Compute $P(X)$ using the binomial probability formula. Then determine whether the normal distribution can be used to estimate this probability. If so, approximate $P(X)$ using the normal distribution and compare the result with the exact probability.
\[
n=54, p=0.6 \text {, and } X=36
\]
For $n=54, p=0.6$, and $X=36$, find $P(X)$.
$P(X)=0.0687$ (Round to four decimal places as needed.)
Can the normal distribution be used to approximate this probability?
A. No, the normal distribution cannot be used because $n p(1-p) \geq 10$.
B. No, the normal distribution cannot be used because $n p(1-p)< 10$.
C. Yes, the normal distribution can be used because $n p(1-p) \leq 10$.
D. Yes, the normal distribution can be used because $n p(1-p) \geq 10$.

Step 1 ：Given the values: \(n = 54\), \(p = 0.6\), and \(X = 36\).

Step 2 ：Calculate the binomial probability \(P(X)\) using the formula: \(P(X=k) = C(n, k) * (p^k) * ((1-p)^(n-k))\).

Step 3 ：Substitute the given values into the formula to get: \(P(X=36) = C(54, 36) * (0.6^{36}) * ((1-0.6)^{54-36})\).

Step 4 ：Compute the above expression to get the probability \(P(X=36)\) which is approximately \(\boxed{0.0687}\).

Step 5 ：Next, check if the normal distribution can be used to approximate this probability. The rule of thumb is that the normal distribution can be used if \(np(1-p) \geq 10\).

Step 6 ：Calculate the value of \(np(1-p)\) by substituting the given values: \(54 * 0.6 * (1-0.6)\).

Step 7 ：The calculated value is approximately 12.96, which is greater than 10.

Step 8 ：Therefore, the normal distribution can be used to approximate this probability.

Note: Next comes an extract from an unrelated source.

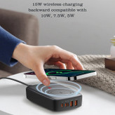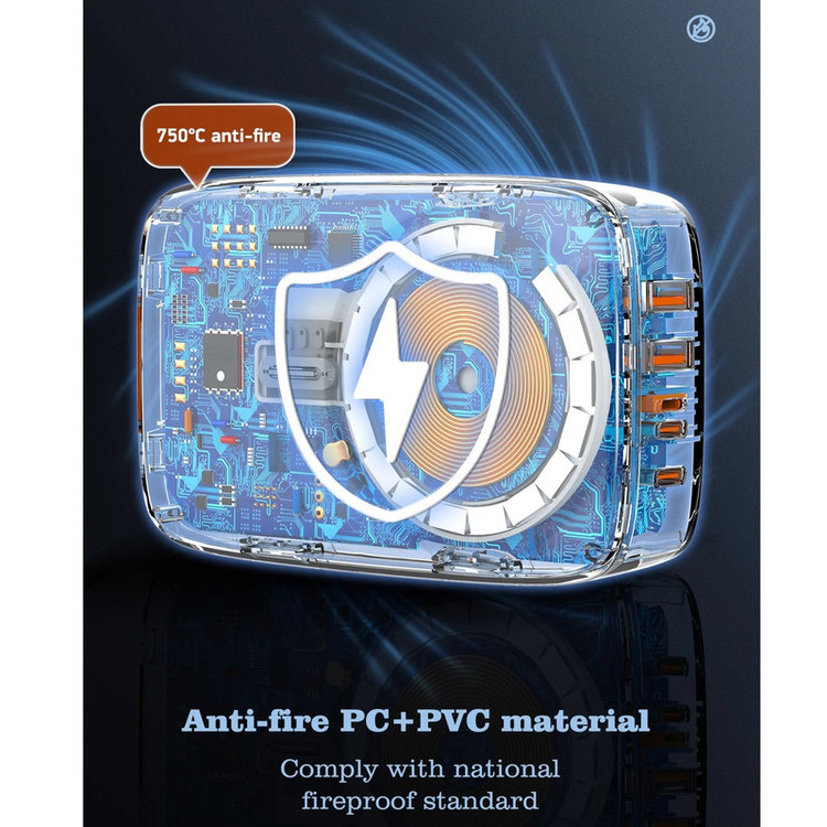شارژر140وات رومیزی LDNIO 6IN1-Q4010 با توان خروجی کلی 140 وات و داشتن 5 پورت خروجی و 1 پورت خروجی وایرلس شارژ متشکل از 2 عدد USB و 2 عدد Type C و 1 عدد لایتنینگ و همچنین محل قرار گیری وایرلس شارژ می تواند انتخاب خوبی برای میز کارتان باشد. این شارژر رومیزی با فناوری ساخت گالیم نیترات GaN طراحی شده است و از مواد PC نسوز تا 850 درجه سانتیگراد ساخته شده است و به عنوان هاب شارژر مورد استفاده قرار می گیرد. هاب شارژر الدینیو 6IN1-Q4010 با پروتکل شارژ گوشی های آیفون، سامسونگ، هوآوی، شیائومی و ویوو سازگاری دارد و از پروتکل های فست شارژ QC4.0, PD3.0, SCP, VOOC, AFC, FCP و Auto ID پشتیبانی می کند. درگاه تایپ سی این محصول با توان 65 وات، مناسب شارژ لپ تاپ نیز است. شارژر LDNIO A4809C در برابر توان، ولتاژ، شارژ شدن و دمای اضافی مقاوم است. همچنین در برابر اتصال کوتاه و میدان مغناطیسی و ولتاژ پایین نیز ایمن است. این شارژر دارای 5 پورت خروجیست که شامل 2 عدد USB و 2 عدد تایپ سی و 1 پورت لایتینگ و 1 پورت وایرلس با توان خروجی 3 تا 15 وات که میتوان ساعت هندزفری و موبایل وایرلس خود را شارژ کرد که یعنی شما می توانید همزمان 5 دستگاه خود را با آن شارژ کنید.

Step 9 ：Final Answer: The probability \(P(X=36)\) is approximately \(\boxed{0.0687}\). The normal distribution can be used to approximate this probability because \(np(1-p)\) is \(\boxed{12.96}\), which is greater than 10. Therefore, the answer is \(\boxed{\text{D. Yes, the normal distribution can be used because } np(1-p) \geq 10}\).